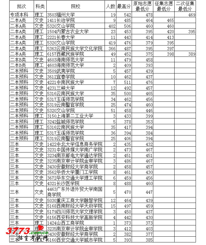 2012年云南专项本科第三次本二A第二次征集志愿招生计划
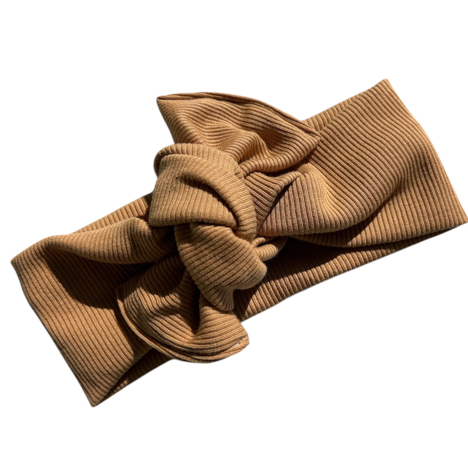Fascia con fiocco in ribbed jersey color cammello – accessorio capelli handmade per bambine 🤎
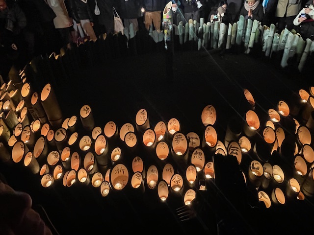 竹灯籠にもロウソクの火を灯して祈りました。
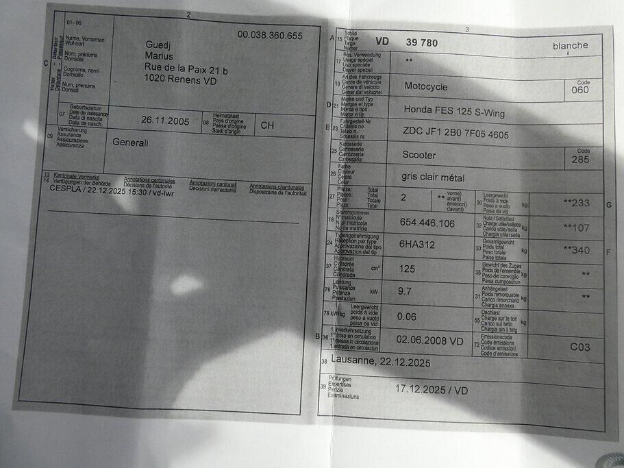 Honda FES 125 S-Wing ID 457759 – REST
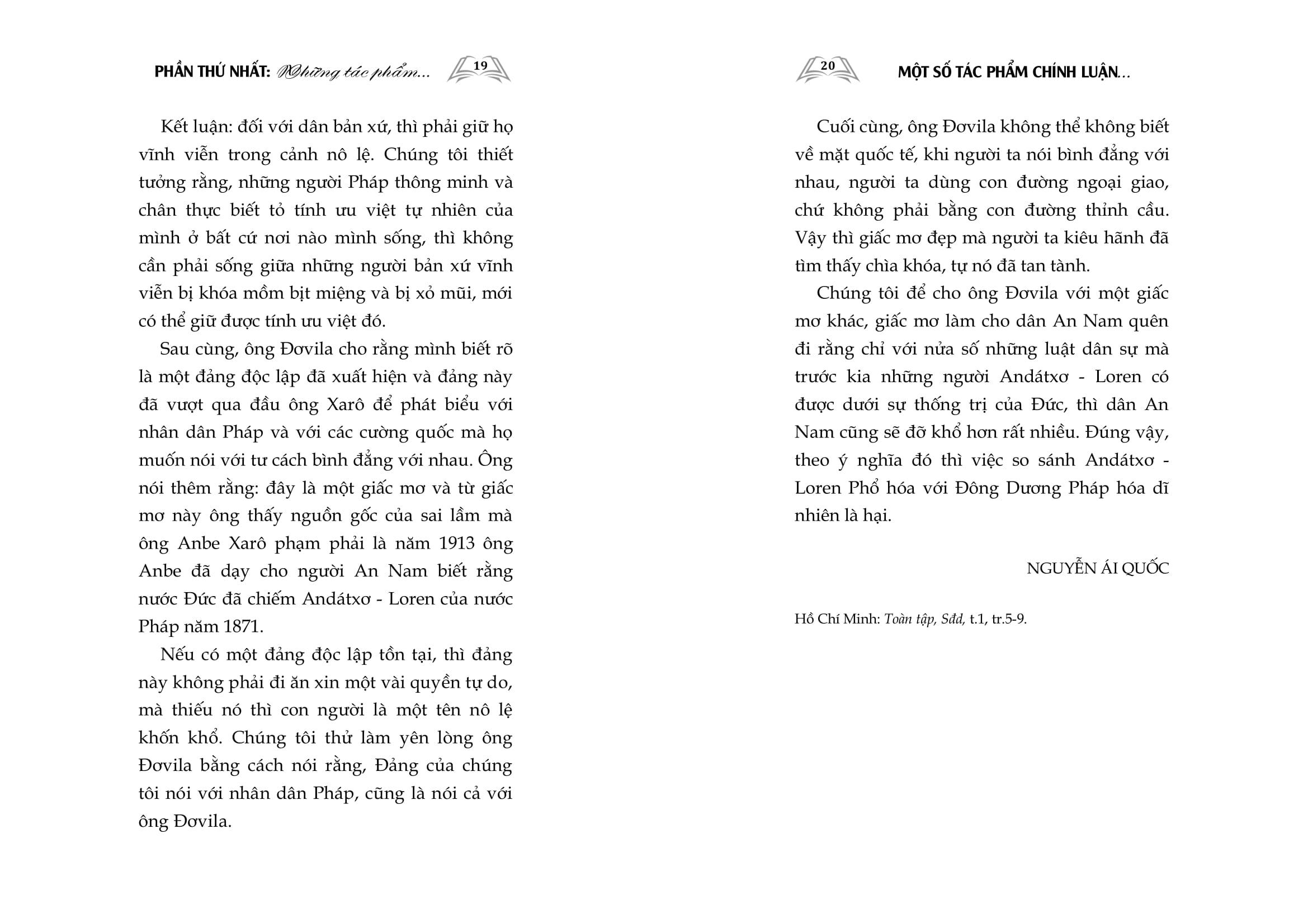 Cuốn sách là tập hợp một số tác phẩm chính luận trước 1969 của Chủ tịch Hồ Chí Minh, đặc biệt trong giai đoạn trước 1945. Đây là tư liệu then chốt để hiểu quá trình hình thành tư duy chính trị và chiến lược hành động của ông. Trong thời kỳ hoạt động tại Pháp, Anh, Liên Xô và Trung Quốc, Hồ Chí Minh đ.ã sử dụng chính luận như một công cụ để cất tiếng, xây dựng hình ảnh, tập hợp lực lượng trên các diễn ngôn quốc tế, với nội dung về chủ nghĩa đế quốc, quyền dân tộc và tình cảnh các nước thuộc địa. Những tác phẩm này thể hiện tư duy phân tích sắc sảo, hệ thống lập luận chặt chẽ, khả năng điều chỉnh giọng điệu và thông điệp tùy theo đối tượng tiếp nhận, và trên hết là nghệ thuật viết văn chính luận xuất sắc của Hồ Chí Minh.
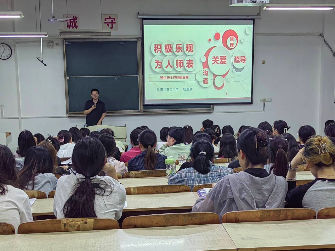 5月7日晚,外国语学院邀请2007届优秀校友、凤阳县第二中学副校长耿京京来校,为2022级英语(师范)专业全体学生做题为“积极乐观,为人师表”的班级管理专题讲座。讲座由外国语学院副院长洪民主持。
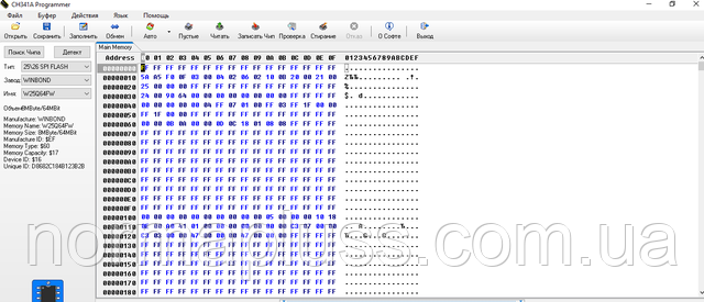 Читання/запис 1,8 вольтових чіпів пам'яті 25 серії з допомогою програматора CH341A
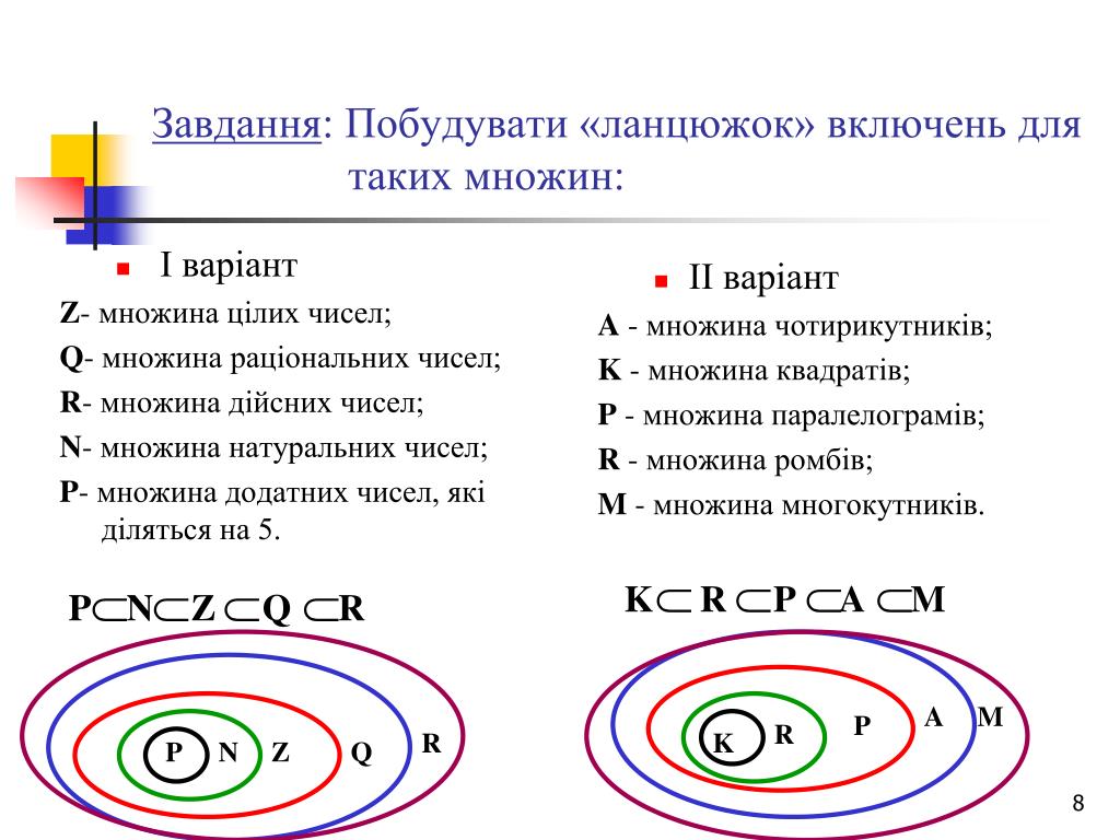 І варіант Z- множина цілих чисел; Q- множина раціональних чисел; R- множина дійсних чисел; N- множина натуральних чисел; P- множина додатних чисел, які діляться на 5. ІІ варіант A - множина чотирикутників; K - множина квадратів; P - множина паралелограмів; R - множина ромбів; M - множина многокутників. Завдання: Побудувати «ланцюжок» включень для таких множин:

→ What is expected: In the entries above, every line from the line with "竹灯籠にもロウソクの火を灯して祈りました。" to the line with "Cuốn sách là" is to be printed exactly, with both ends included and pictures excluded.

→ Response box:
 竹灯籠にもロウソクの火を灯して祈りました。
 Honda FES 125 S-Wing ID 457759 – REST
 Cuốn sách là tập hợp một số tác phẩm chính luận trước 1969 của Chủ tịch Hồ Chí Minh, đặc biệt trong giai đoạn trước 1945. Đây là tư liệu then chốt để hiểu quá trình hình thành tư duy chính trị và chiến lược hành động của ông. Trong thời kỳ hoạt động tại Pháp, Anh, Liên Xô và Trung Quốc, Hồ Chí Minh đ.ã sử dụng chính luận như một công cụ để cất tiếng, xây dựng hình ảnh, tập hợp lực lượng trên các diễn ngôn quốc tế, với nội dung về chủ nghĩa đế quốc, quyền dân tộc và tình cảnh các nước thuộc địa. Những tác phẩm này thể hiện tư duy phân tích sắc sảo, hệ thống lập luận chặt chẽ, khả năng điều chỉnh giọng điệu và thông điệp tùy theo đối tượng tiếp nhận, và trên hết là nghệ thuật viết văn chính luận xuất sắc của Hồ Chí Minh.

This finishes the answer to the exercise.